Bush gets a lot of criticism for dividing people, but the criticism is silly. People in this country are divided because of the multiculturalist emphasis on celebrating our differences. We are divided because of the practice of special interest politics, the appeals to people on the basis of their race, class, gender, sexual orientation, age, etc. These are not Republican phenomena. This is the basic weaponry of the Democrat party and has been ever since the sixties. Democrats who accuse Bush of being divisive are projecting their own habits onto their opponent. Their definition of "divisive" is any condition in which you don't agree with them.

If, for example, you think it's immoral to kill children as they're being born then you're being divisive. If you think we should have judges who will rule according to what the law and the constitution say rather than according to the political whim of the day then you're being divisive, if you think that marriage is important and that we should preserve the understanding of marriage that has prevailed for two thousand years then you're being divisive.

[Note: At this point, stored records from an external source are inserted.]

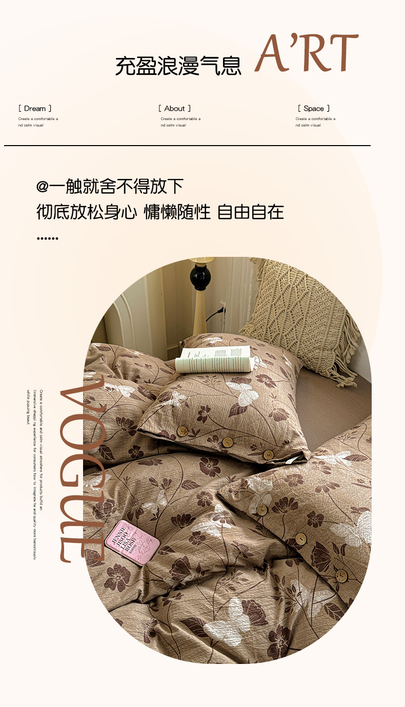 (总)水墨江南 2025新款小清新水洗棉印花四件套,豆蔻,格调,格子小狗,格子樱桃,海盐波点,花季,花田-粉,花田-蓝,假日小熊,山茶花,芋泥波点,紫色蝴蝶结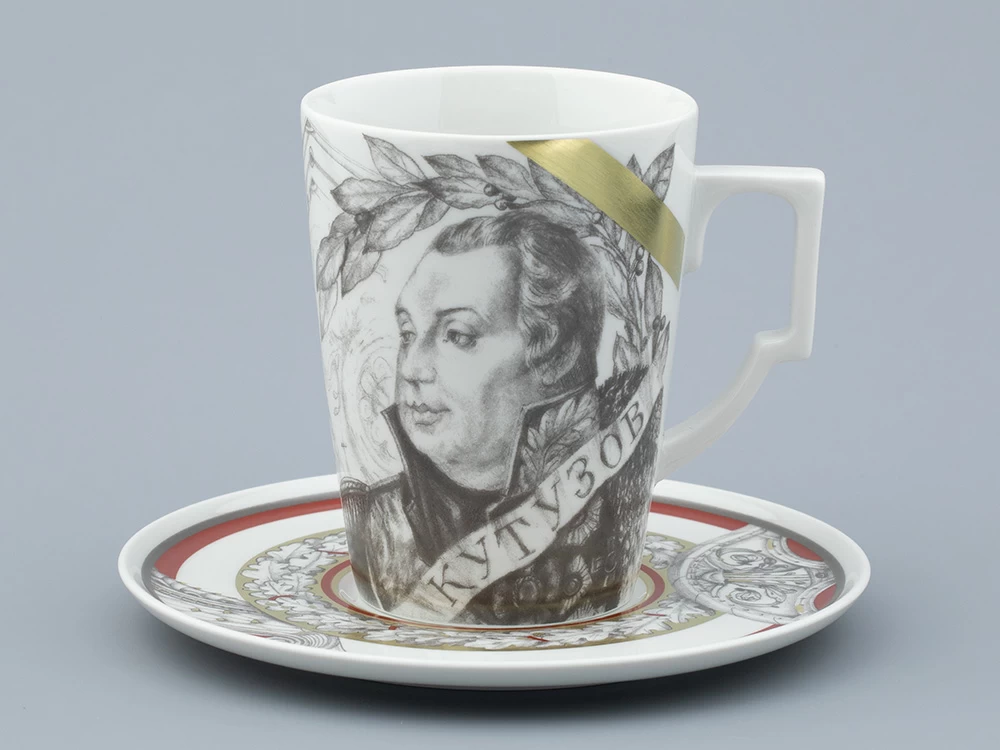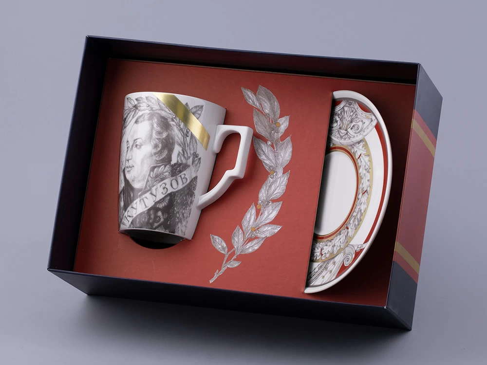 Бокал входит в серию «Полководцы России». Генерал-фельдмаршал Михаил Кутузов (1745-1813) вписал свое имя в отечественную историю военными и дипломатическими успехами. Среди важнейших – победа русской армии над наполеоновскими войсками. Образ Михаила Илларионовича Кутузова на фарфоре выполнен по мотивам портрета полководца (1829 г.) и проникнут спокойствием, достоинством и внутренней силой. Портрет полководца дополнен элементами трофейного декора, а также дубовыми и лавровыми венками – символами мужества, силы, доблести и славы. Торжественности бокалу добавляют элементы, выполненные в насыщенном красно-терракотовом оттенке, а также с использованием натурального золота и цировкой. Бокал представлен в виде подарочного набора в премиальной упаковке.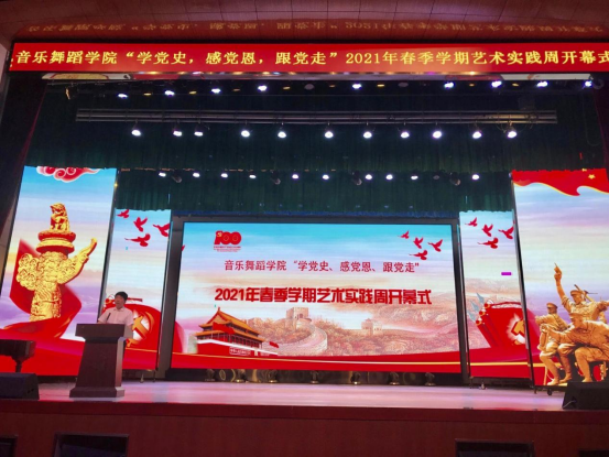 院长曾宏华致开幕词并宣布艺术实践周开幕。他要求学生们要“学党史、感党恩、跟党走”。他还通过近期我院师生在各项艺术比赛中所获得的成绩勉励在场的同学们。并强调,艺术实践周是学院艺术实践教学的浓缩,也是办学成果的呈现,是全体同学施展才艺的舞台,更是同学们相互学习的舞台。希望同学们在比赛中讲风格、讲友谊,互相帮助,大胆竞演。
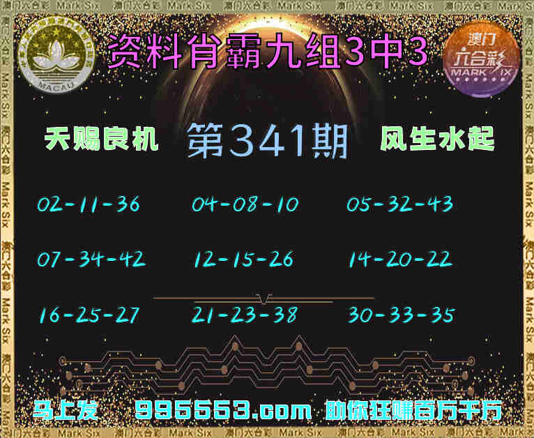 341期:【资料肖霸】 🏵️九组3中3🏵️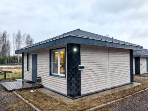 Дом из эко-материалов с панорамным с видом на лес. Вместительность до 4 гостей. Оснащен всем необходимым для комфорта гостей: двуспальный кровать, раскладной диван, комод для хранения, телевизор, бесплатный Wi-Fi, оборудованная кухонная зона, посудомоечная машина, душ, туалет, средства гигиены, теплый пол, собственная терраса с мебелью, мангал.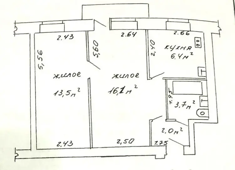 • Две светлые комнаты + кухня 6,4 м2 с балконом из зала.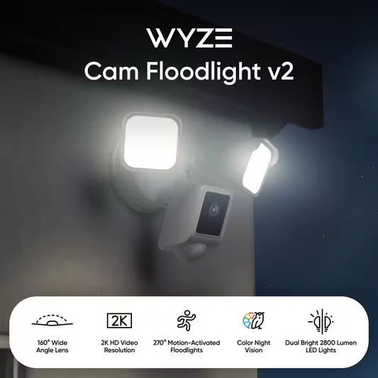 Wired Outdoor Wi-Fi Floodlight V2 Home Security Camera with 2K Video, Color Night Vision, Motion Activated Leds - White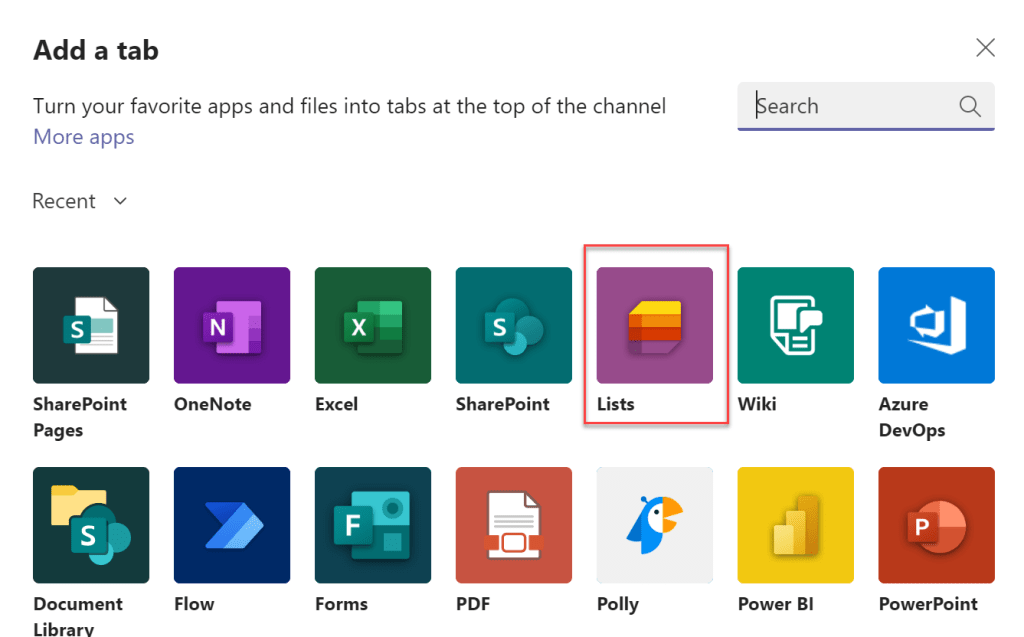 We can add our Session Ideas list to the RampUp teams channel (Add tab | List | Select the Session Ideas List)

If you think the first amendment is being wrongly interpreted as it touches upon matters of religious expression then you're being divisive. They're trying hard in this convention to moderate their rhetoric, but all one need do is compare the words of Democrat leaders like Kennedy, Carter, Dean, Gore, Jackson, and Kerry during the primary months to those of Republican leaders to see who has been a force for division and who has been a force for national unity.